- **YOUR INSTRUCTIONS**:
Return only the lines below starting at the line containing "Comparison of laboratory" and ending at the line containing "एक्ट्रेस ने सेक्विन", both included, exactly as they are and with no pictures.

- **RECORDED DATA**:
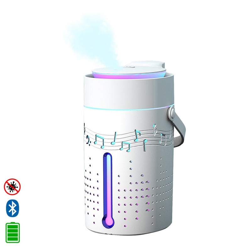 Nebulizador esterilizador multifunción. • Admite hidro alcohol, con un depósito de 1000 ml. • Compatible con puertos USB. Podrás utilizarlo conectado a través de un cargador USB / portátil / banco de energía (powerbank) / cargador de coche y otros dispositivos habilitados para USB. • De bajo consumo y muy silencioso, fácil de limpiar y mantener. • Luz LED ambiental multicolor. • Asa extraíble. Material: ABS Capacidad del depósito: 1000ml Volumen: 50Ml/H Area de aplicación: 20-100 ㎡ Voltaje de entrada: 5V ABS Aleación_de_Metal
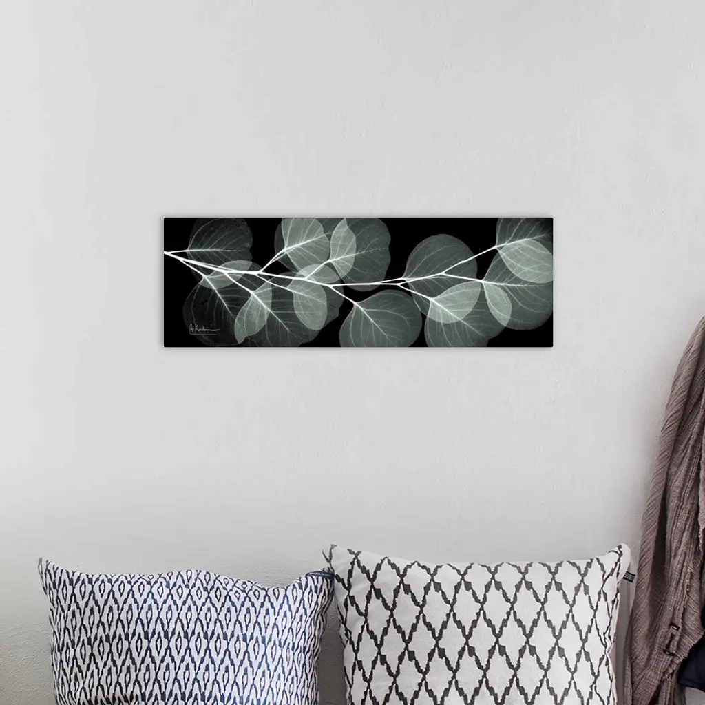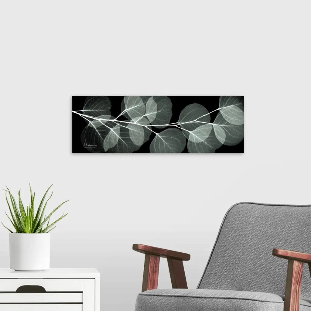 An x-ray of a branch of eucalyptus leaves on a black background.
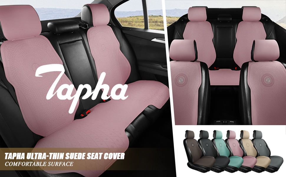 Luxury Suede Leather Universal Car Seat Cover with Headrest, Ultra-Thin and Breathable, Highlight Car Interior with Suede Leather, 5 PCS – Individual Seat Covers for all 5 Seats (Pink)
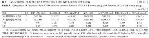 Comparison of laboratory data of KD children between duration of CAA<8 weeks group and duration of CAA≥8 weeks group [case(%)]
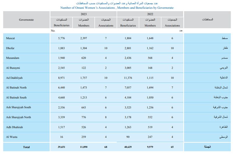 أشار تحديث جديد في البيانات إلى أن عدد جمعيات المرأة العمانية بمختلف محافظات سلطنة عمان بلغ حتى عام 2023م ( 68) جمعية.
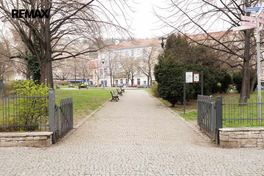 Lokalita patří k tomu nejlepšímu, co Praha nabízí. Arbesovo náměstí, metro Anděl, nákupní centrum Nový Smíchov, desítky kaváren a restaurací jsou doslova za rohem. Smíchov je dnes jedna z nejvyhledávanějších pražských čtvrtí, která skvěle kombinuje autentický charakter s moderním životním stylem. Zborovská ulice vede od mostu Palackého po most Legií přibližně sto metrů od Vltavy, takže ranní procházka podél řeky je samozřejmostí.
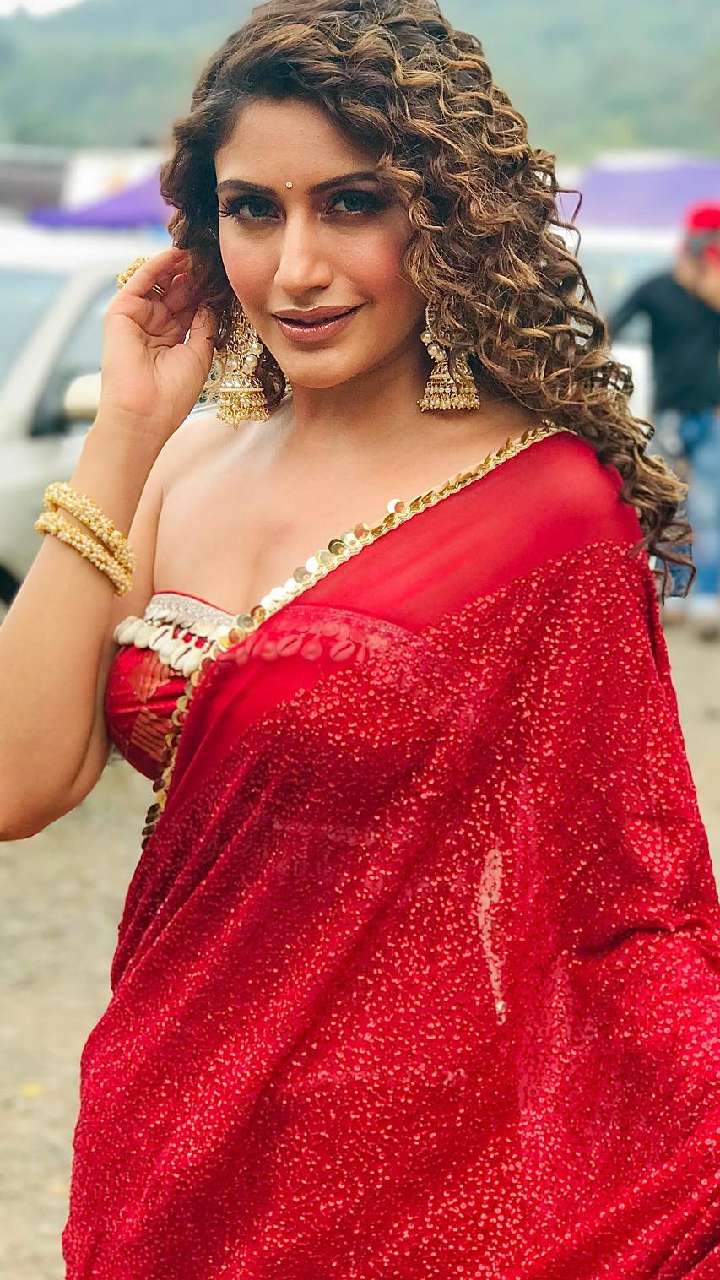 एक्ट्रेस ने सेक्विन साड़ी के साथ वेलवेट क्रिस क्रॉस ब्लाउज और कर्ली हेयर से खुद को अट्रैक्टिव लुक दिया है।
---
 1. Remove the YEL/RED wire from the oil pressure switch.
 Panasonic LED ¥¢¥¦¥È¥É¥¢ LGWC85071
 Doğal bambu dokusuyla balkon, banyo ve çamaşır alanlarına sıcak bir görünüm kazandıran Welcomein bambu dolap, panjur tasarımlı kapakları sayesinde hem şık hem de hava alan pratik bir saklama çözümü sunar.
...
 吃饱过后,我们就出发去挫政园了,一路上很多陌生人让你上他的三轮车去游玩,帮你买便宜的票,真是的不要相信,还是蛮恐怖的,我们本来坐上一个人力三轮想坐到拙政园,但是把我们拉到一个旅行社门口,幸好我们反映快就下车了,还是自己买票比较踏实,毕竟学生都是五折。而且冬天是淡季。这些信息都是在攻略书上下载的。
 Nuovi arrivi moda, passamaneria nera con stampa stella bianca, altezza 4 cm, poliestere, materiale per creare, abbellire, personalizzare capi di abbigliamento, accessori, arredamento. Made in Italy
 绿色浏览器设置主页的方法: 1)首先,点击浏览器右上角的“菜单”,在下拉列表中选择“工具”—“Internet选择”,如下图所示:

- **COMPLETED TASK**:
 Comparison of laboratory data of KD children between duration of CAA<8 weeks group and duration of CAA≥8 weeks group [case(%)]
 أشار تحديث جديد في البيانات إلى أن عدد جمعيات المرأة العمانية بمختلف محافظات سلطنة عمان بلغ حتى عام 2023م ( 68) جمعية.
 Lokalita patří k tomu nejlepšímu, co Praha nabízí. Arbesovo náměstí, metro Anděl, nákupní centrum Nový Smíchov, desítky kaváren a restaurací jsou doslova za rohem. Smíchov je dnes jedna z nejvyhledávanějších pražských čtvrtí, která skvěle kombinuje autentický charakter s moderním životním stylem. Zborovská ulice vede od mostu Palackého po most Legií přibližně sto metrů od Vltavy, takže ranní procházka podél řeky je samozřejmostí.
 एक्ट्रेस ने सेक्विन साड़ी के साथ वेलवेट क्रिस क्रॉस ब्लाउज और कर्ली हेयर से खुद को अट्रैक्टिव लुक दिया है।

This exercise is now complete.